Methods: a cross-sectional review of 194 medical records of RhD-negative pregnant women managed at Kenyatta National Hospital (KNH) between 2013 and 2019 was conducted. Data on sociodemographic, obstetric, and clinical characteristics were extracted and analyzed using SPSS version 23. Multivariable logistic regression was performed to determine associations between Rh isoimmunization and adverse pregnancy outcomes. Adjusted odds ratios (aORs) with 95% confidence intervals were calculated, and p<0.05 was considered statistically significant.
Results: the mean age (SD) of participants was 30.1 years, and the mean gestational age at delivery was 38.9 weeks. Most participants were multigravida (69.1%) and married (91.2%). The prevalence of Rh isoimmunization was 4.1%. Isoimmunized women had significantly higher odds of miscarriage (aOR 5.64, 95% CI 1.48-21.53; p=0.01), hydrops fetalis (aOR 8.72, 95% CI 2.10-36.12; p<0.001), intrauterine foetal death (aOR 9.83, 95% CI 2.75-35.12; p<0.001), low birth weight <2500g (aOR 7.40, 95% CI 1.93-28.43; p=0.004), and poor APGAR score <7 at 5 minutes (aOR 10.26, 95% CI 2.98-35.32; p<0.001). Neonates of isoimmunized mothers were also more likely to require neonatal intensive care unit (NICU) admission (aOR 6.92, 95% CI 1.41-33.84; p=0.02).

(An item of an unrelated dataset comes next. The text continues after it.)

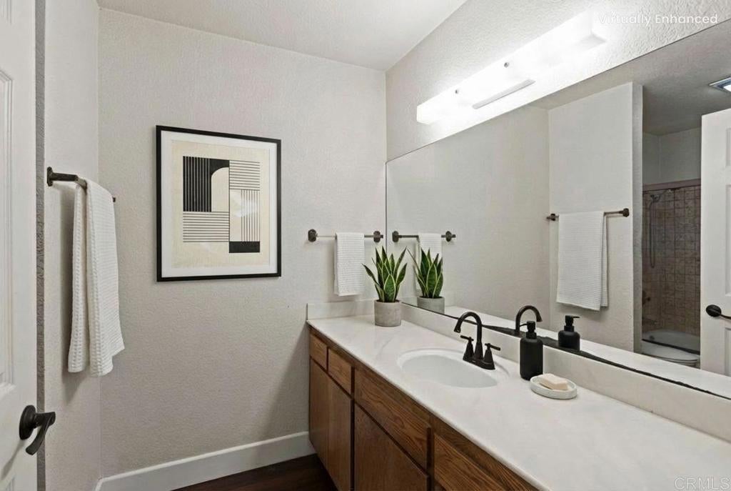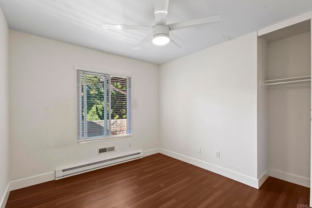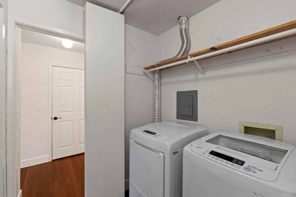 Opportunity knocks on this 2-bedroom 2 bath 1,164 square ft Ruette Le Parc unit that rarely comes available in this community. Keep it the way it is or let your creative skills go wild and remodel to your style and budget. No units above and private. Vaulted ceiling in living room, double pane windows, wood laminate flooring throughout, small patio for outdoor furniture. Located on the west side of development away from freeway with great walking score to shopping, restaurants, and services. Two common area pools and spa. The Village of Del Mar and World Class Beaches are located just a short distance west. The washer, dryer and refrigerator included. One car garage and additional parking available. Community pool, spa and more! Virtual staging
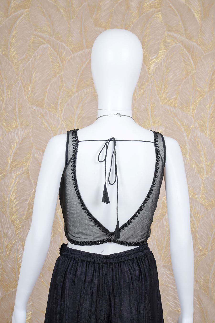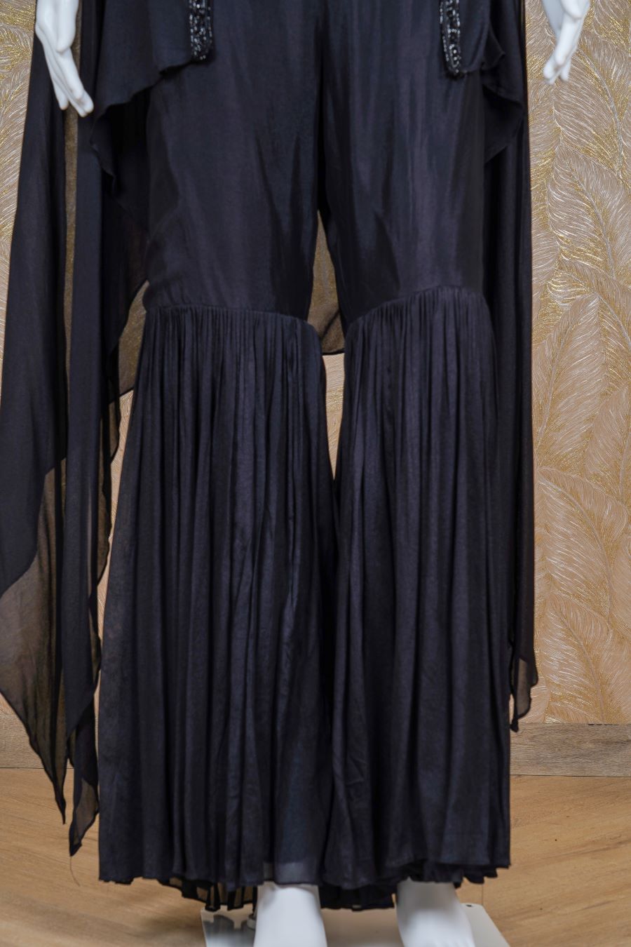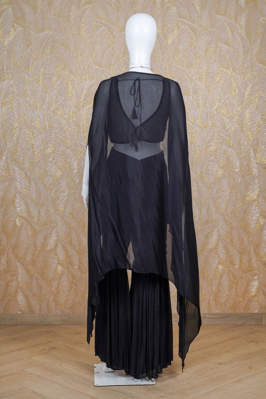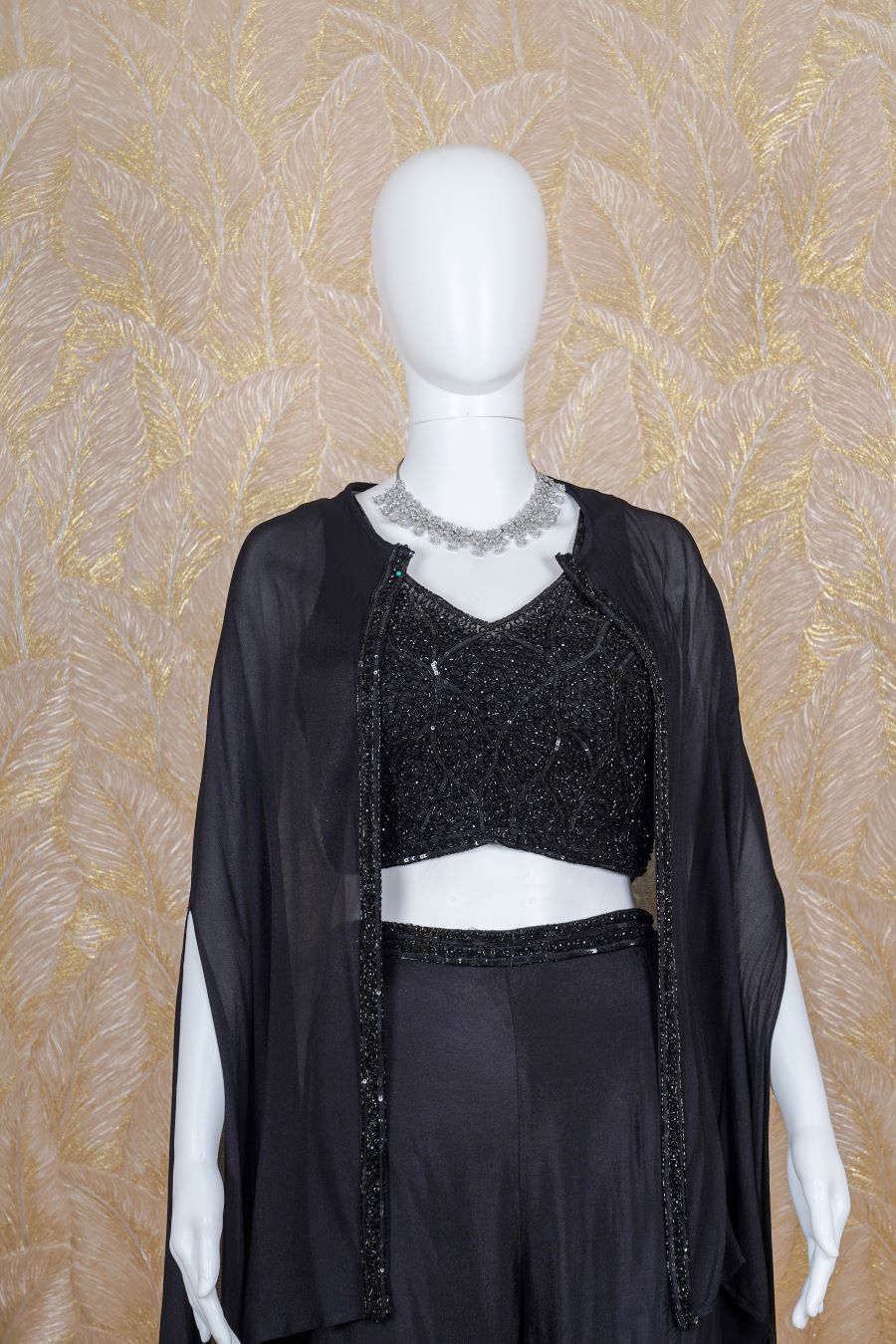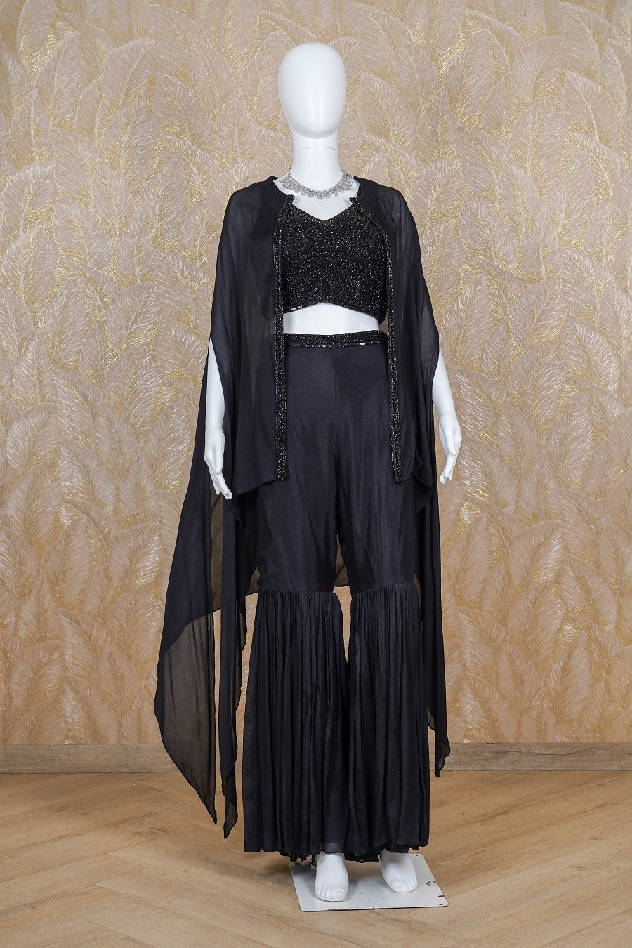Black Cape Set embellished with kardana, sequins and crystals pearls embroidered crop top. Comes with an embroidered bordered cape and sharara pants. Model is wearing size, “Medium”.

Conclusion: the prevalence of Rh isoimmunization among RhD-negative women at KNH was 4.1%. Isoimmunization was significantly associated with miscarriage, hydrops fetalis, IUFD, low birth weight, poor APGAR scores, and NICU admission. Strengthening routine anti-D prophylaxis and improving documentation of its administration after pregnancy loss or delivery are critical to reducing isoimmunization and related complications.